Evolution of our cache system for VM restore
In any software, there's always a lot more happening behind the scenes than you can actually see. And there's also a time when you need to optimize internal things to improve visible performance. Today, we'll show you how we managed to drastically reduce the loading time from your "Restore backup" view, even in cases where you have a lot of VM backups stored.
💾 Backup Repository
A backup repository ("BR", also called "remote" in Xen Orchestra) is the place where we store all the VM backups you perform (full/standard or delta). Usually, this repository is a network share, likely behind NFS or SMB protocol.

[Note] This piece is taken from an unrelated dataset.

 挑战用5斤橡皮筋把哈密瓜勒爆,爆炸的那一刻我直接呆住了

One of our goals with Xen Orchestra was the ability to keep the backup data AND metadata fully self-contained and separate from your Xen Orchestra. This way, if you even lose your Xen Orchestra VM and/or even all your physical XCP-ng hosts, you can still restore everything by deploying a new XO on your fresh hardware from scratch, find all your existing backups on the BR, restore and get back on your feet!

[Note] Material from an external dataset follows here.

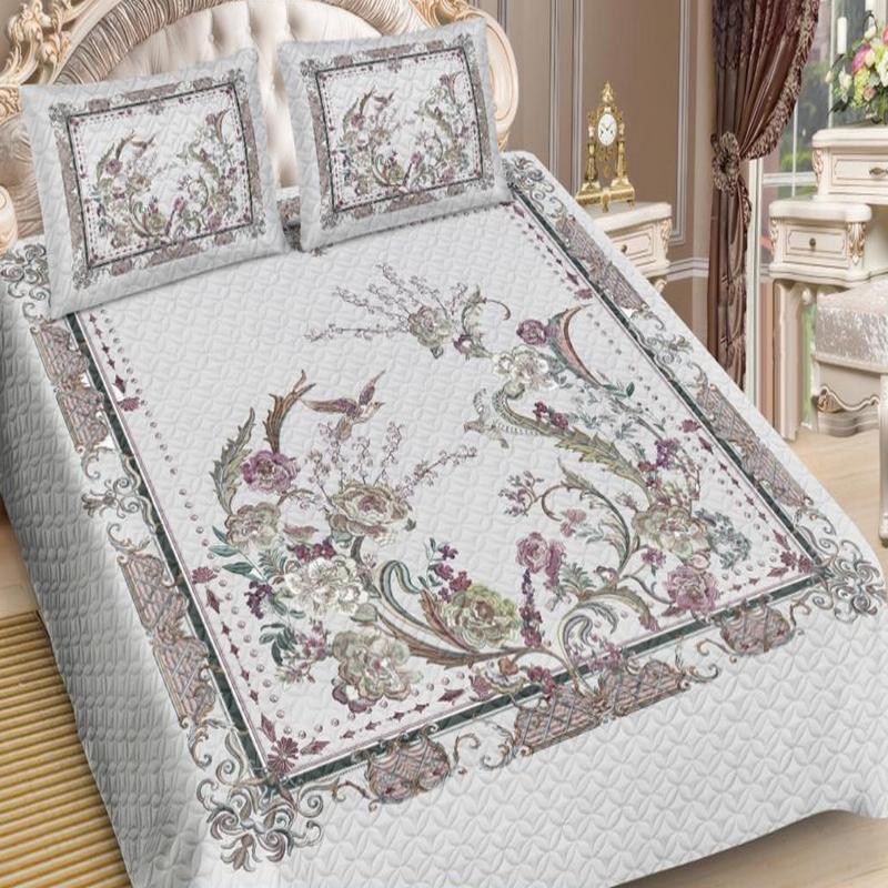 Покрывало шелковое с двумя наволочками 50*70 см. Покрывала  изготовлены с помощью технологии безниточной стежки - ультрастеп: соединение ткани и наполнителя при помощи ультразвука. Мы используем искусственный шелк (дизайны панно), синтепон 80 г/кв.м и полиэстер разных дизайнов, в качестве подкладки.

So, what's the issue then ? Well, it starts to be slow to parse and read when the number of metadata files is big. Let's see why.
↔️ Query all available backups
When you enter into the "Backup" view, then the "Restore" tab, XO will list for you all the available backups to restore (for each VM, with the number of available backups per VM). Users with medium/large sized infrastructure started to have hundreds (and even more sometimes) backups. And we discovered it took time to load that screen.
Without any cache
This is what we had before XOA 5.71: when we listed all available backups, the requests behind the scenes were pretty simple:
- read the content of the
xo-vm-backups/
folder on all available Backup Repositories (BR) - then, inside each BR, read all subfolders,
xo-vm-backups/*
- finally, read all the metadata info of each backup for each VM,
xo-vm-backups/*/*.json
Even if those JSON files aren't big in size, remember that the BR is stored in a network share. Each file to read will take a network roundtrip: even a latency of 10ms, multiplied by the number of VMs and each backup (retention), you start to have more than a few seconds to load everything. And clearly, this had to happen each time you were navigating to this restore view! As you can see, it doesn't scale well.
Adding a first cache system
That's why we decided to add a new cache system, to avoid unnecessary requests on files that weren't modified:
- VM cache was generated on demand when listing the backups
- VM cache was deleted on backup creation/deletion
In order to avoid listing and loading a LOT of different files (read folder + read file), we decided to add a "static" file with an obvious path and name so we don't have to list a folder to find it: xo-vm-backups/*/cache.json.gz
. As you can see, the JSON is also compressed to reduce the amount of data stored AND going over the network, adding another benefit to the overall improvement.
And it was fine… for a while. Our main target, medium/large sized infrastructure users, had a lot of backup creation and deletion activity invalidating the cache very often, making it almost useless to them.
And at this point, we decided to improve further that cache system.
Going even faster
This new cache implementation is available since XO 5.75. This time, we decide to… update the cache directly! (at each backup creation/deletion)
It might sound subtle, but in fact, this changed everything: the new cache is always available and up-to-date. Obviously, we had to also get some cache coherency checks: when a backup is finished, we have a "clean VM" set of instructions we use to verify if the cache is consistent or not. If not, then we remove it. Luckily, there's no good reason for this to happen!
🎯 Result and conclusion
To sum up, the new cache system is a lot more efficient, but allows direct modification (ie: no invalidation in a normal run), serving compressed files at a predictable path.
The result? Let's compare before and after the cache, on a modest backup repository: 22x VMs with a average retention around 45. This already means 1000 JSON files to list, read and parse.
It's pretty simple: we improved the performance by dividing the load time by 8. Not bad 😎 And remember: this is only on a relatively small backup repository, on a pretty fast network. The gap is even bigger on larger and/or slower infrastructures.
We hope you like this kind of "behind the scenes" content, let us know about your reaction on our community forum!